DATA TO EXAMINE below:

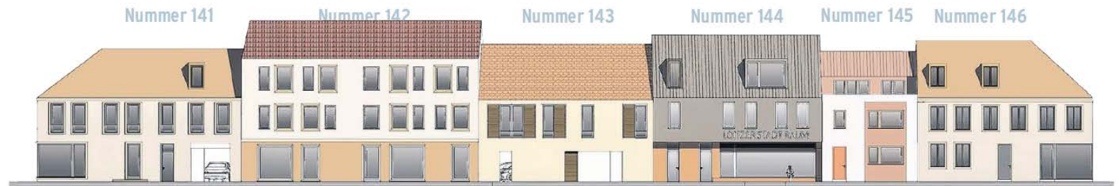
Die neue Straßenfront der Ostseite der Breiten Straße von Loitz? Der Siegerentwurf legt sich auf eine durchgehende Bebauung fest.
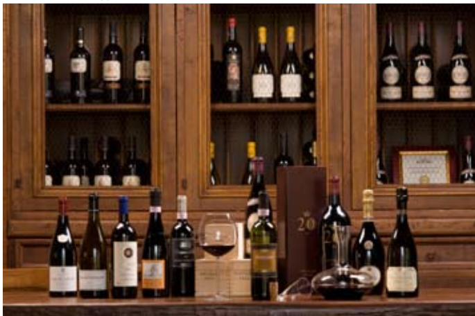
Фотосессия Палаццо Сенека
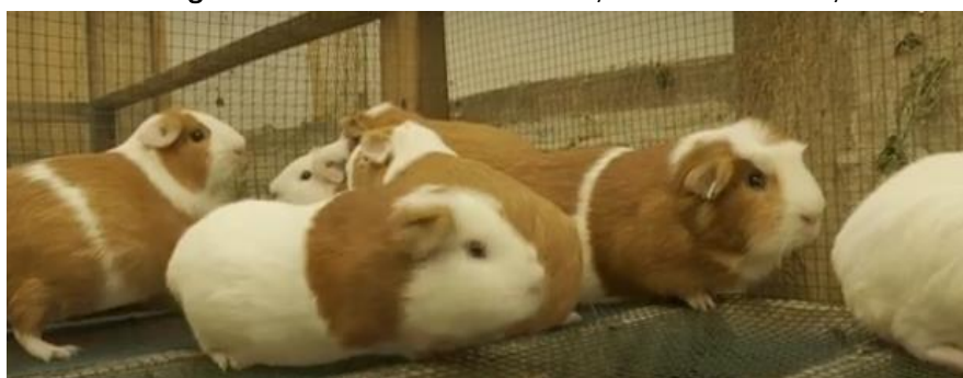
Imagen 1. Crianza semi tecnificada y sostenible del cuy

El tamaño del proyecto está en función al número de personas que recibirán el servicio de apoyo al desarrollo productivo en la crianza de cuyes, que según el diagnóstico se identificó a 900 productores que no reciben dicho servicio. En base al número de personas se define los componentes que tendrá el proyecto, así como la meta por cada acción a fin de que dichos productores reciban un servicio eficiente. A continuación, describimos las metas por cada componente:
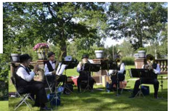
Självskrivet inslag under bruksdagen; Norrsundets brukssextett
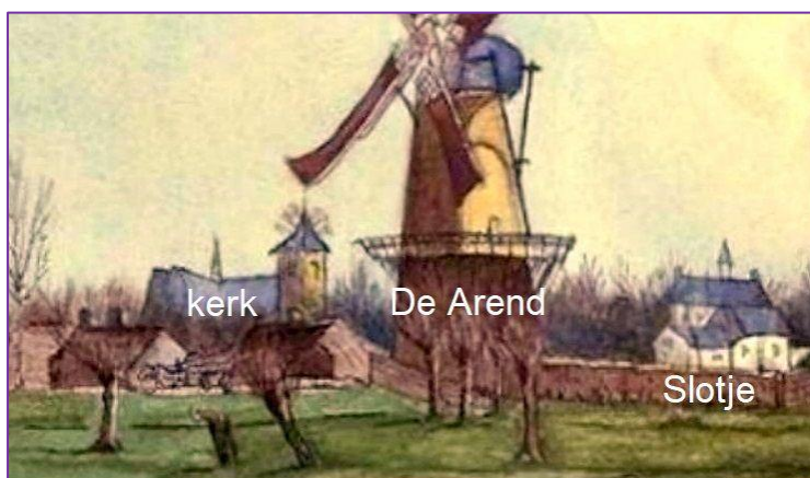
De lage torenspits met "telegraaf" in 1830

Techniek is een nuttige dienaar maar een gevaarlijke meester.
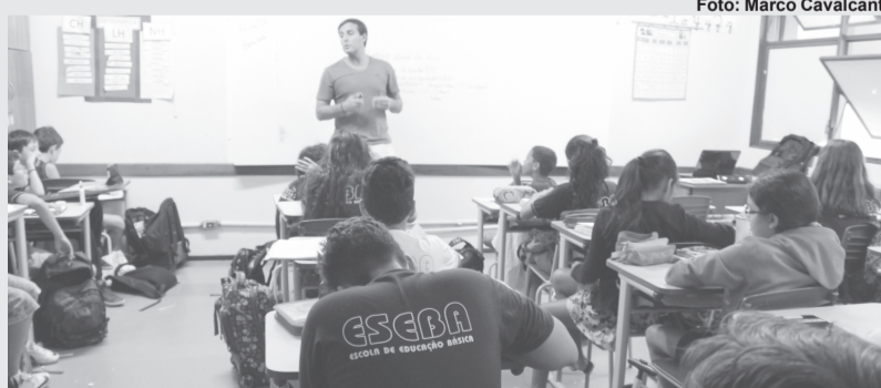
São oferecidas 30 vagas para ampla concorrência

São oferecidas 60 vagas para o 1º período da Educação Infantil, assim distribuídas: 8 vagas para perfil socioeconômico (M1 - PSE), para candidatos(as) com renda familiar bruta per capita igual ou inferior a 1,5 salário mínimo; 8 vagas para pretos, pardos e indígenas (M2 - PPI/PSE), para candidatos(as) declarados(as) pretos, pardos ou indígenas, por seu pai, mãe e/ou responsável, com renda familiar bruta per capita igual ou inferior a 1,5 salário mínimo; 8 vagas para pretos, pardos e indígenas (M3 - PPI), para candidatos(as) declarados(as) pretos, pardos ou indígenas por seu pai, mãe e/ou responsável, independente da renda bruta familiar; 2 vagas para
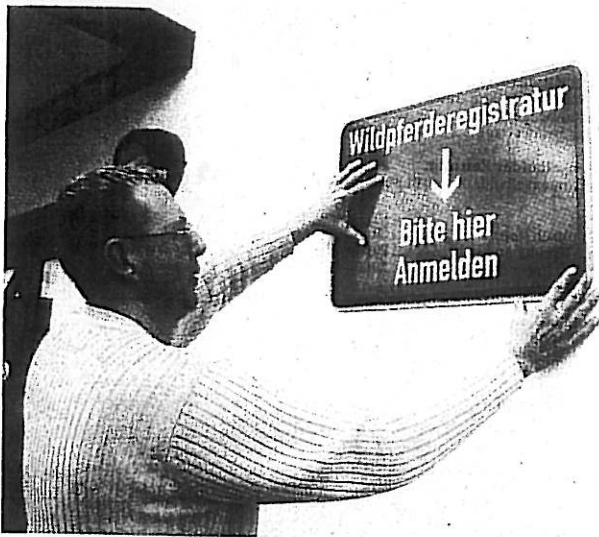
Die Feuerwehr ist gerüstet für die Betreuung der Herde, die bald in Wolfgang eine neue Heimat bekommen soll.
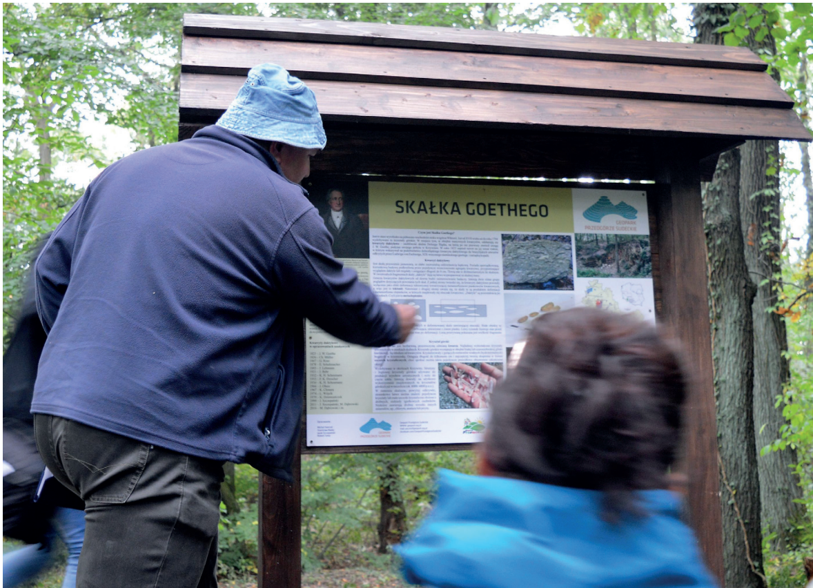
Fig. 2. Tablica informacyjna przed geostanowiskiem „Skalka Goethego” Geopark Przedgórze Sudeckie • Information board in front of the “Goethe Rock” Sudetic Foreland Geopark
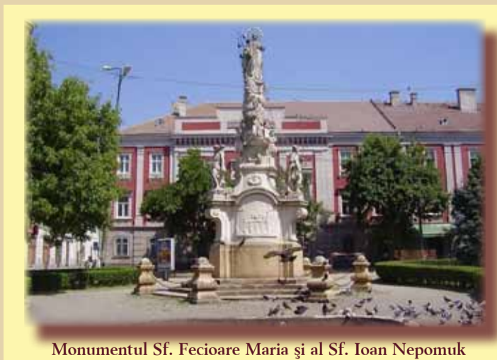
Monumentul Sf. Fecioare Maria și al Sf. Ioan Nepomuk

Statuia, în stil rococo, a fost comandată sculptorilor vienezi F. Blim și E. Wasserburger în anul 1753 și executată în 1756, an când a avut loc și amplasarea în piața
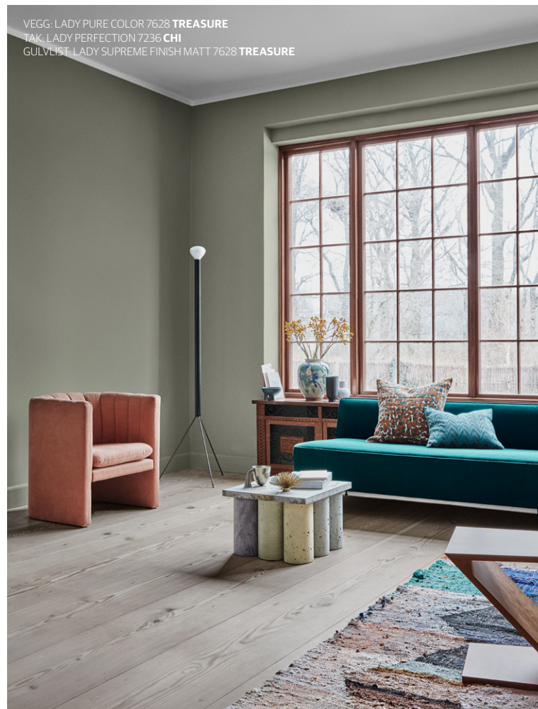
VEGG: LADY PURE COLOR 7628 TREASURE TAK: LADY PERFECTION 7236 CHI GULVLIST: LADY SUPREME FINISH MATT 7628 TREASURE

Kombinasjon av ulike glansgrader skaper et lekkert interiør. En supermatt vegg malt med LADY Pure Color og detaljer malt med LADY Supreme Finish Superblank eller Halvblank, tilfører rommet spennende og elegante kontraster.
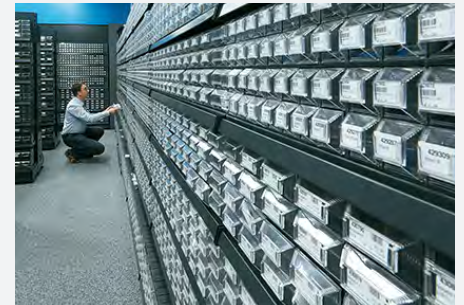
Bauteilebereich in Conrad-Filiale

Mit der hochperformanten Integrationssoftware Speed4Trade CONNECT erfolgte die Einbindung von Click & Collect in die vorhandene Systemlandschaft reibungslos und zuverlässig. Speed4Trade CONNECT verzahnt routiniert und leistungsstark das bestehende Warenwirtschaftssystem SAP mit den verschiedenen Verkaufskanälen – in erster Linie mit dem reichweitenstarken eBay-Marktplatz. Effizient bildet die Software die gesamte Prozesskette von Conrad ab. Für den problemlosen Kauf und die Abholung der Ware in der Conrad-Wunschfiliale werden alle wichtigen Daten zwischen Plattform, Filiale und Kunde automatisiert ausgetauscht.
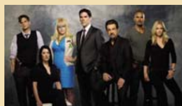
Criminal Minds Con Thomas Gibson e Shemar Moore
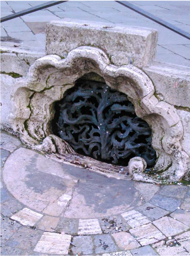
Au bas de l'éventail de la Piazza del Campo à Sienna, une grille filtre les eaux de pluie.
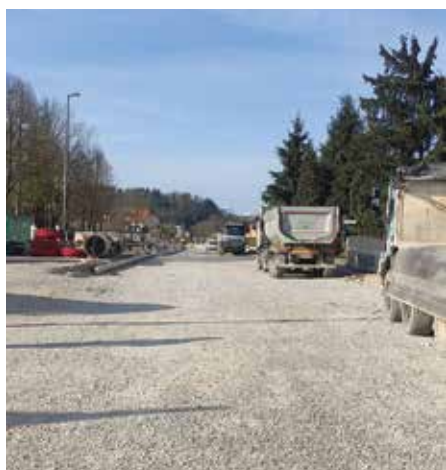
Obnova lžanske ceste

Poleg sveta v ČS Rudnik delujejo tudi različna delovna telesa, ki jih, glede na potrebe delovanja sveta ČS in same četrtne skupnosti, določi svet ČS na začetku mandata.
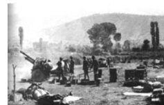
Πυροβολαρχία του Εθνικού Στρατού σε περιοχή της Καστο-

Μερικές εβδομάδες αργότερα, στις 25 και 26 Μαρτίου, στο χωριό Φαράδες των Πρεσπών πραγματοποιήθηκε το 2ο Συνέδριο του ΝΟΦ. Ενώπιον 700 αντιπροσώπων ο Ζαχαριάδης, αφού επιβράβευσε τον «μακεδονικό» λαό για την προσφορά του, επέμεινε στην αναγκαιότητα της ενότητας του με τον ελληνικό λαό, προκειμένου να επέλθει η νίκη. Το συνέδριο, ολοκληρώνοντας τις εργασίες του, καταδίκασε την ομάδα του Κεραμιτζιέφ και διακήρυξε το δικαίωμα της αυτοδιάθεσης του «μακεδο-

End of DATA TO EXAMINE.

> [EXERCISE AIM]: Above are the records. Copy only the lines from the one with "Фотосессия Палаццо Сенека" through the one with "São oferecidas 30", exactly, with no pictures.

> [RESPONSE TO THE EXERCISE]:
Фотосессия Палаццо Сенека
Imagen 1. Crianza semi tecnificada y sostenible del cuy

El tamaño del proyecto está en función al número de personas que recibirán el servicio de apoyo al desarrollo productivo en la crianza de cuyes, que según el diagnóstico se identificó a 900 productores que no reciben dicho servicio. En base al número de personas se define los componentes que tendrá el proyecto, así como la meta por cada acción a fin de que dichos productores reciban un servicio eficiente. A continuación, describimos las metas por cada componente:
Självskrivet inslag under bruksdagen; Norrsundets brukssextett
De lage torenspits met "telegraaf" in 1830

Techniek is een nuttige dienaar maar een gevaarlijke meester.
São oferecidas 30 vagas para ampla concorrência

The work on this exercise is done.